**Aim of the exercise:** Your answer should be the full data, transcribed exactly, with no pictures in it.

**Provided data:**
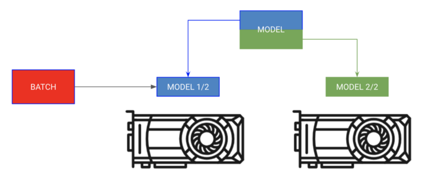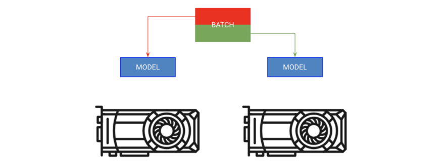 第一种方法被称为“分batch训练”。该策略将模型复制到每个GPU上,每个GPU获得batch的一部分。
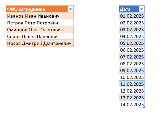 Готово! Теперь к каждому сотруднику подтянулся весь набор дат.
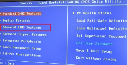 3、按下bios启动热键后便可进入bios中,如果出现的是以下这种界面,我们就使用↑↓方向键移动到“Advanced BIOS Features”回车。
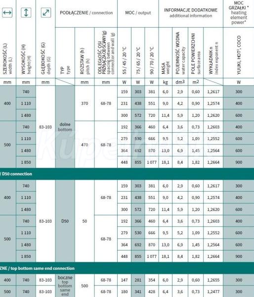 - 500 × 740 mm, výkon 377 W (vykurovacia tyč 300 W) - BOČNÉ PRIPOJENIE

**Answer:**
 第一种方法被称为“分batch训练”。该策略将模型复制到每个GPU上,每个GPU获得batch的一部分。
 Готово! Теперь к каждому сотруднику подтянулся весь набор дат.
 3、按下bios启动热键后便可进入bios中,如果出现的是以下这种界面,我们就使用↑↓方向键移动到“Advanced BIOS Features”回车。
 - 500 × 740 mm, výkon 377 W (vykurovacia tyč 300 W) - BOČNÉ PRIPOJENIE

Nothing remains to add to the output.